Reese Wynans (born November 28, 1947) is an American keyboard player, who has done session work and has been a member of Double Trouble and progressive rock band Captain Beyond.  In 2015, he was inducted into the Rock and Roll Hall of Fame as a member of Double Trouble.

Personal life
Wynans grew up in Sarasota, Florida, United States, during the 1950s. Wynans and his six siblings began taking piano lessons at early ages, but he was the only one who "really loved playing." .

Musical career
Wynans was a member of the Second Coming, which from November, 1968 to March, 1969 included two future and founding members of The Allman Brothers Band: guitarist Dickey Betts and bassist Berry Oakley.

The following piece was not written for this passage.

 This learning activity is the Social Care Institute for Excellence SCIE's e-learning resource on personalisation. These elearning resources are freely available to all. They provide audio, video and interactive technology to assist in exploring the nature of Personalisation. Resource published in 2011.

Other band members were Dale Betts, Larry Reinhardt, and John Meeks. Wynans was involved in the initial jam session with Duane Allman, Betts, Oakley, Butch Trucks, and Jaimoe that led to the formation of the Allman Brothers Band, but was eased aside in favor of vocalist Gregg Allman, as founder Duane Allman did not want two keyboardists, two guitarists, and two drummers all in the same band.

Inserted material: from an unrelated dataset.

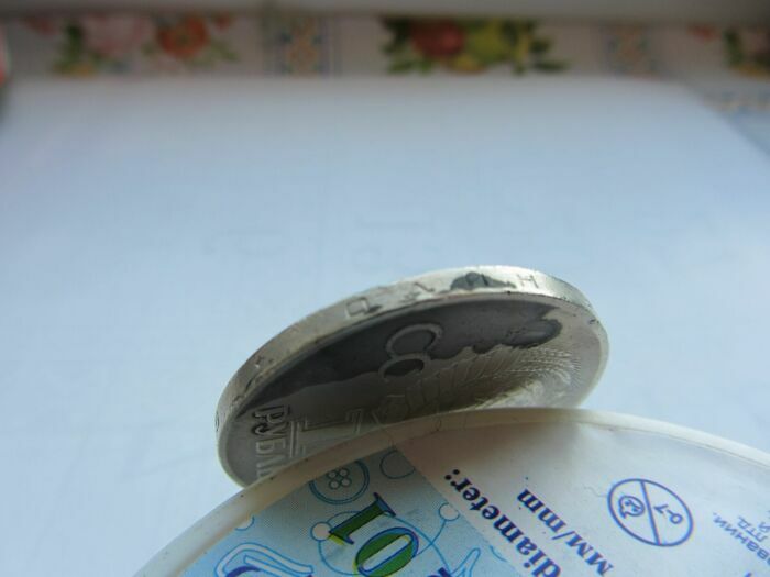 Уважаемые форумчане!Лет десять назад в куче мусора попался вот такой рублик.От нечего делать перемыл я всю эту кучу неумного никеля в разбавленой азотке.Чернота и грязь ушла и именно вот эта монета местами облезла.Сталкивался кто-нибудь с подобным?Что это может быть?Мне видится что монета с покрытием.Были ли такие?Спрашивал у многих нумизматов-ноль.пожимают плечами.Хотелось бы услышать мнение специалистов.Вес-12.73г.Диаметр-31мм.Толщина по гурту-2.2мм.

In 1973 he played with Captain Beyond and was on the album Sufficiently Breathless. He quit after just one show with the band, later explaining, "Captain Beyond was a great band to play with, but from the management side it was terribly organized... I was very poor at that time, living in somebody´s else garage, so I needed to work and had to quit."
In 1975 he relocated to Austin, TX to join the Jerry Jeff Walker band. They recorded several albums and toured the US extensively. other band members were Dave Perkins, Bobby Rambo, Leo Lablanc, Tomas Ramirez, Ron Cobb, and Fred Krc.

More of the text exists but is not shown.